這才是我費盡心血注釋《後漢書》以及無數個日夜苦思所悟到的唯一真諦。
曾經跌入谷底,曾經一無所有,但我活下來了,而且越來越強大。
成千上萬的唐軍在我的指揮下正譜寫人類新的篇章,而我正親統著唐軍最精銳的鐵騎們書寫其中最輝煌的一頁。
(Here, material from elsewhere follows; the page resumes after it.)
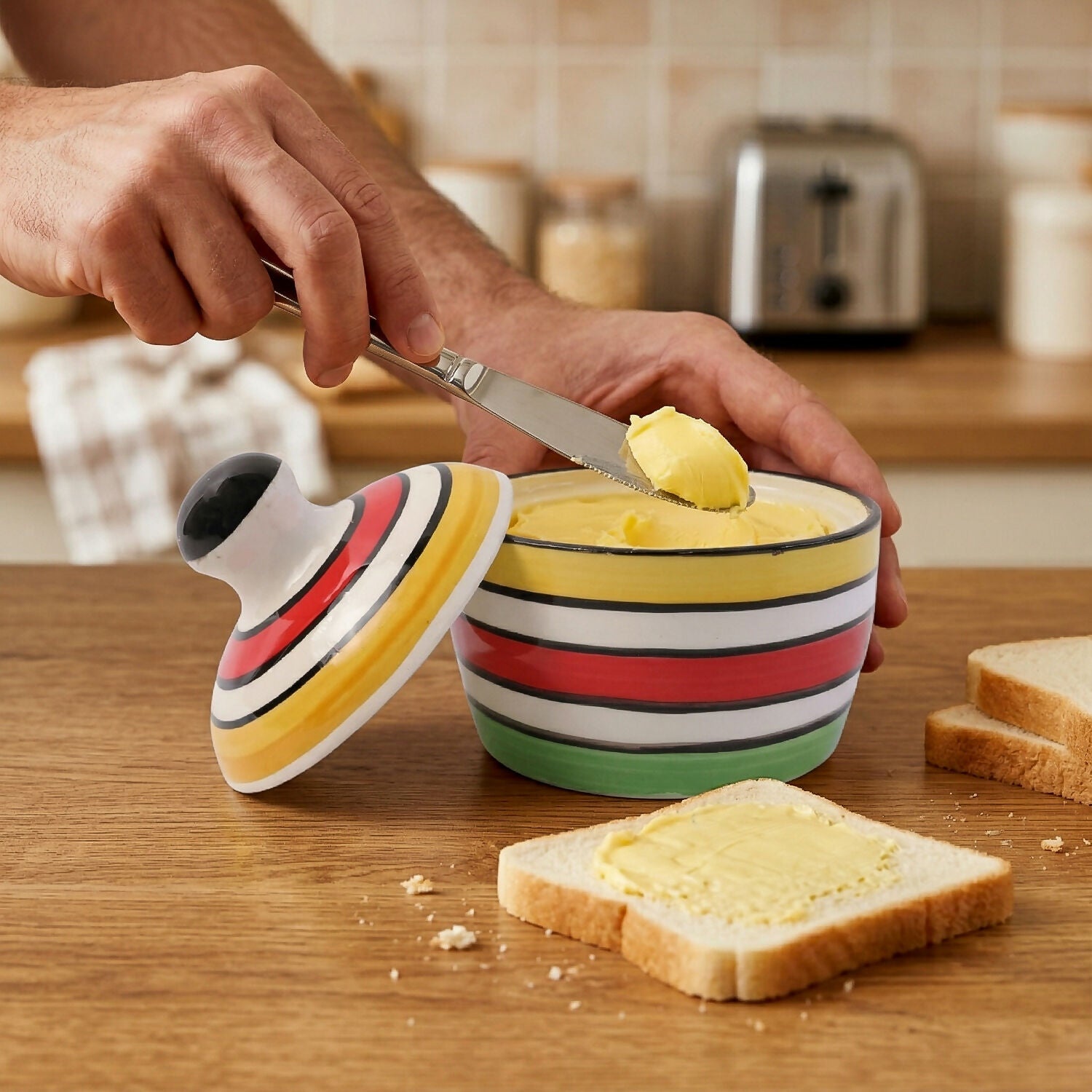 Premium Stoneware Material: Ye butter pot mazboot aur high-quality ceramic (stoneware) se bana hai, jo lambe samay tak chalta hai.

體內沸騰的魔血讓我體驗到前所未有的強大和興奮,比此生任何一刻的感覺都好。
這正是唯我所統率的戰場,任我肆意如風般縱橫馳騁。
如果說我已經瘋了,就讓我瘋狂到底吧。
李信的眼中閃耀著紅光,他一騎當先,揮舞著闊劍,率領著身後的唐軍鐵騎們向著豬剛鬣等魔種將領們的身後衝來。
決勝的時刻到來了。
高大的魔種首領轉過身來,他早已感受到了李信的殺氣。
在他身後,是已經被他打垮的人類刀陣,那幾個零亂的士兵就留給猛狼的牙齒吧。
他此刻要對付的,是這個凶狠又卑劣的人類將軍,這個家夥欺騙了魔種,又帶著這些人類士兵來屠戮魔種,他還殺了自己的將領。
薑子牙之後,他已成了魔種最大的敵人。
如果依他的本意,豬剛鬣根本不想與這個人類將軍進行任何交易,他不信任他,他憨直的認為,魔種王國只有靠魔種們用兵器和爪牙打出來。
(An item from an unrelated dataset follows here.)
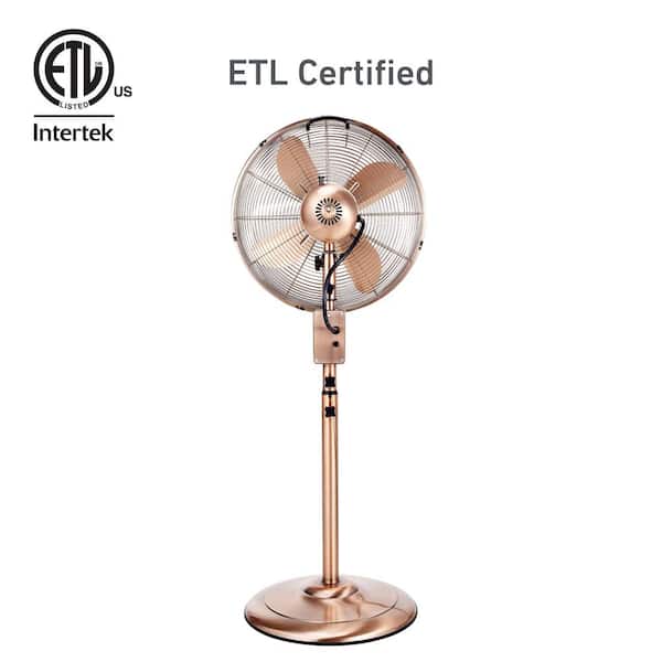 16 in. Digital Oscillating 3-Speed Metal Stand Fan with Remote Control Copper finish

但他不能違拗她,是她執意要培養和拉攏這個人類將軍,她認為一味的打殺是蠻乾,魔種承受不了。只有分化並利用人類的力量才能達到目的。
為此,她甚至不惜將最珍貴的血液給了他。
但是,她看錯他了,反覆無常的人類將軍欺騙了她,並給新生的魔種造成了巨大的傷亡。
魔種已經隱忍了百年,終於抓住太古導師薑子牙消逝的時機卷土重來。
如果這次失敗了,就是因為眼前的這個人類將軍,而追根溯源,還是因為她的失誤。
這一切豬剛鬣在心裡埋怨,卻不能說出來。
魔種能崛起也是因為她。
而她,還不是純粹的魔種。
所以最好的選擇就是,埋葬這個人類將軍,讓他和他那些卑劣的陰謀一起徹底消失。
敢單獨一騎衝在最前頭,看來魔血給了你力量的同時也讓你生出了許多勇氣啊!殺了我們一個將領,就認為魔種的頭領們也不過如此?
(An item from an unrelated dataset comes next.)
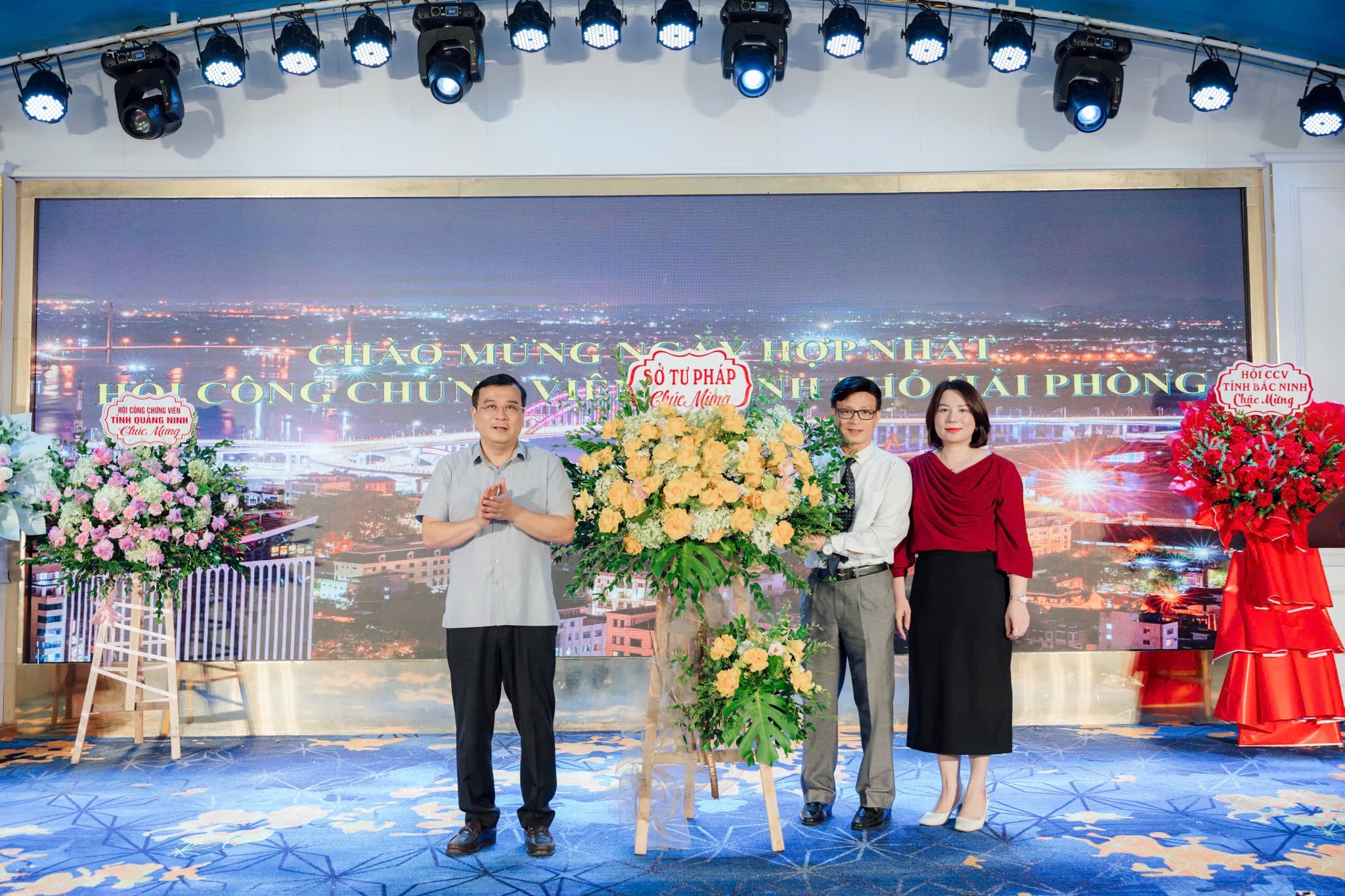 tặng hoa cho Hội Công chứng Hải Phòng trong buổi lễ hợp nhất

豬剛鬣的眼中冒火,無知狂妄的人類,讓你見識一下在恐怖的日之塔底深窟之中魔種用生命換來的能量,讓你見識一下在無數次神魔交戰中生存至今的魔種將領的實力。
豬剛鬣的渾身散發出黑紅色的光暈,他向著李信衝來的方向邁步走去。
前面的魔獸們紛紛讓開,長著犄角的魔種將領和盲僧跟在他身後,連一直在空中飛舞的黑翼魔將也頓住身形,然後雙翼一展,向著這邊飛來。
越來越近了,震撼地面的馬蹄聲,槍林般的馬槊尖端閃出寒光。
豬剛鬣的眼珠卻隻盯住那個人類將軍眼中的紅芒和他手中囂張的闊劍。
伴著粗重的吸氣聲,豬剛鬣的雙臂筋肉虯結隆起,九尺釘耙帶著開山的巨力砸向地面,耙頭幾乎完全消失在地面,地下同時傳上一聲悶響,緊接著地表出現了幾道裂縫,裂縫急劇擴大,以耙頭消失的位置為核心,像張開了一個巨大的扇面,釘耙在地下仿佛引發了一個炸雷,地表瞬間分出幾道裂隙,就像對著唐軍騎兵們張開了一個黑色的樹冠。
豬剛鬣又一次發力,釘耙猛的上揚,帶出無數地下的土塊沙石,其中還有一塊磨盤大小的石板,一齊向著唐軍騎兵們砸來。
好霸道!
李信不暇多想,手中闊劍蓄力已久,向前揮出,三道渾厚的劍氣如怒濤般湧向前方,劍氣所至,飛來的土石俱碎,那塊石板也被切成了兩片。
劍氣的勁力不衰,直到豬剛鬣身前十步左右才消逝。
這是雙方將軍的第一次出手對決,李信失策了。
他的光翼連斬確實在對戰中所向披靡,但范圍有限。
而豬剛鬣這一記開山裂地的范圍極廣,這是源於神明時代魔種起義時一位方舟神祇的招式,這種開裂大地的招式在大軍對戰中有力敵千軍的效果。
劈出的裂隙所達之處綿延可達百米開外,隨後飛出的無數碎石土塊打擊范圍極廣,李信的劍氣能劈碎的只是極小的一部分,況且那些被劈到的土石只是裂成了更小的碎塊,依舊向著唐軍飛來。
李信的白馬猛地趔趄歪倒,伴著痛苦的嘶鳴聲,李信趕忙脫出馬鐙,在馬匹躺倒前跳到一邊。
白馬踩到了裂隙之中,左前腿已經扭曲變形,骨頭折斷了,馬前頸還有幾處血洞正在流出鮮血,看來是被土石的碎塊砸到了。這些土石在豬剛鬣巨力的推進之下,殺傷力不弱於彈弓射出的彈丸,唐軍戰馬不掛披甲,馬身被瞬間洞穿。
李信身後十幾名唐軍騎兵也滾下馬來,一兩個倒霉的騎兵不幸被石塊擊中了面部,自馬上摔倒後再沒有起身。
更要命的是,由於處在中心突破位置的將軍和騎兵們躺倒了,後面的騎兵只能臨時調整衝鋒的方向,向兩翼散開。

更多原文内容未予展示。